The kids are coming up from behind.
I'm losing my edge.
I'm losing my edge to the kids from Poland and from Manila.
But I was there.

I was there in 1979.
I was there at the first Second Layer show in South London.
I'm losing my edge.
I'm losing my edge to the kids whose footsteps I hear when they get on the decks.
I'm losing my edge to the internet seekers who can tell me every member of every good group from 1960 to 1975.
I'm losing my edge.

To all the kids in Taipei and Salvador.
I'm losing my edge to the art-school Seoul kids in little jackets and borrowed nostalgia for the unremembered nineties.

I'm losing my edge.
I'm losing my edge.
I can hear the footsteps every night on the decks.
But I was there.

I was there in 1976 at the first Soft Boys practice in a loft in Cambridge.
I was working on the snare sounds with much patience.
I was there when Robert Palmer started up his first band.
I told him, "Don't do it that way.
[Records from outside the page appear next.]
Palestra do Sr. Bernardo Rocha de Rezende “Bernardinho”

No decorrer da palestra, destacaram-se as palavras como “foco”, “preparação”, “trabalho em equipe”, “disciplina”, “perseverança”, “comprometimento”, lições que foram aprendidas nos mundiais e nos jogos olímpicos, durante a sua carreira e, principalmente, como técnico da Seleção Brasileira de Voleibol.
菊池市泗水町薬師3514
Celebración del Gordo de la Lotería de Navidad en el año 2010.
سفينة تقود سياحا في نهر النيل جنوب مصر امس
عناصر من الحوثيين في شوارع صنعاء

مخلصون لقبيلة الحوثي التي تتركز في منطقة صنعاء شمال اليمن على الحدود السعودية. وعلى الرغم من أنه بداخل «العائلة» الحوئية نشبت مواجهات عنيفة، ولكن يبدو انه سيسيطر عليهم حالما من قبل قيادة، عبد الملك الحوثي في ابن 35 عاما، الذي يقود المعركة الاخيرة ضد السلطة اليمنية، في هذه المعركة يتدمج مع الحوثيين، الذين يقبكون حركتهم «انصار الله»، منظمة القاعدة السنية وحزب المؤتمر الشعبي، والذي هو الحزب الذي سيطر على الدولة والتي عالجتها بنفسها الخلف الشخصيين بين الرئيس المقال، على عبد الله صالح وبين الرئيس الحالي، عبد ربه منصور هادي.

You'll never make a dime."
I was there.
I was the first guy playing The Happenings to the grime kids.
I played it at the Spitz.
Everybody thought I was crazy.
We all know.
I was there.
I was there.
I've never been wrong.

But I'm losing my edge to better-looking people with better ideas and more talent.
And they're actually really, really nice.

I'm losing my edge.

I heard you have a compilation of every good song ever done by anybody.
Every great song by L. Decosne. All the underground hits.
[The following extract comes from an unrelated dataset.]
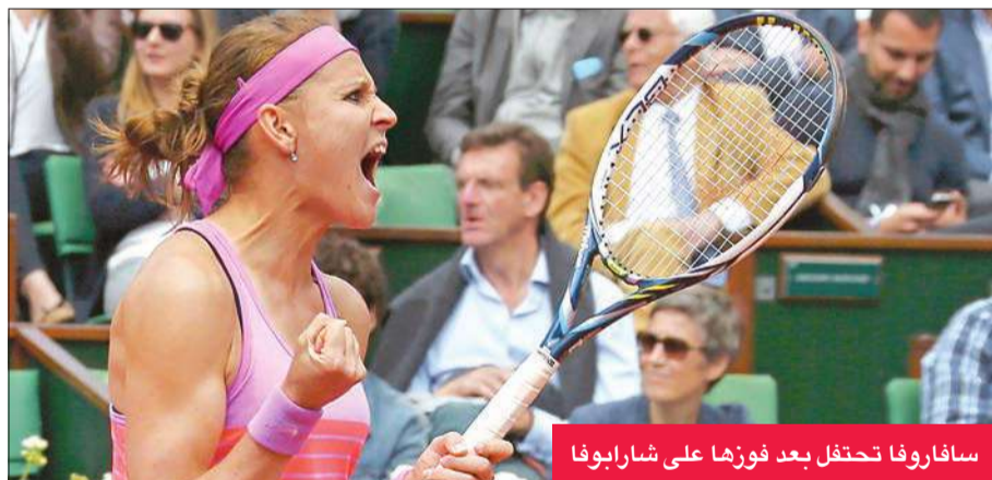
سافاروفا تحتفل بعد فوزها على شارابوفا

الدور المقبل مع الفرنسي جو فافرينكا الثامن بفوزه السهل على الفرنسي جيل سيمون الثاني عشر 4-6 و6-2 (أ ف ب)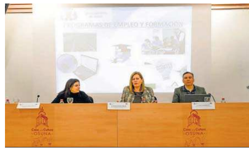
Momento de la presentación.

Además, ha habido una tercera reunión informativa dirigida al cuerpo técnico que dirigirá y coordinará estos programas, es decir, los profesionales que aspiran a la dirección de los mismos, el personal de orientación laboral, el personal docente y el personal administrativo, siendo más de medio centenar las personas que se han presentado para poder optar al mismo.

All Heavy D & The Boyz tracks. I heard you have a vinyl of every Mission of Burma record on German import.

I heard that you have a white label of every seminal grime hit - 1985, '86, '87.
I heard that you have a CD compilation of every good '80s cut and another box set from the '80s.

I hear you're buying a synthesizer and a spring reverb and are throwing your macbook out the window because you want to make something real. You want to make a A Certain Ratio record.

I hear that you and your band have sold your spring reverb and bought a mellotron.
I hear that you and your band have sold your mellotron and bought a spring reverb.

I hear everybody that you know is more relevant than everybody that I know.

But have you seen my records?

Mantronix, Masta Ace, Craig G, Kool G Rap, Big Daddy Kane, Magma, Gian Franco Pienzio, Sly & The Family Stone, The Durutti Column, Sarah Menescal, Josef K, Erykah Badu, Qualms, Nils Olav, Electric Prunes, Mad Mike, Hoover, Massinfluence, Royal Trux, 8 Eyed Spy, Althea and Donna, Goldenarms, Crispy Ambulance, Tim Buckley, Adolescents, Dark Day, Avey Tare, Nick Cave & The Bad Seeds, Barbara Tucker, Dr. Dre and Snoop Doggy Dog, Erasure, Ludus, The Birthday Party, Peter & Gordon, Wings, Pharaoh Sanders and the Fire Engines, New York Dolls, Fela Kuti, Harpers Bizarre, Jeff Lynne, Minutemen, The Doors, Mark Hollis, Lou Reed & Metallica, Gang Starr, Pantytec, the Slits, Bill Near, Porter Ricks, The Grass Roots, Tom Boy, Crime, Henry Cow, Rhythim Is Rhythim, B.T. Express, Bootsy's Rubber Band, The Knickerbockers, Skaos, cv313, Grandmaster Flash and the Furious Five, Sun City Girls, The Slackers, Jimmy McGriff, Circle Jerks, Crash Course in Science, The Last Poets, Jesper Dahlback, Jesper Dahlback, Jesper Dahlback, Jesper Dahlback.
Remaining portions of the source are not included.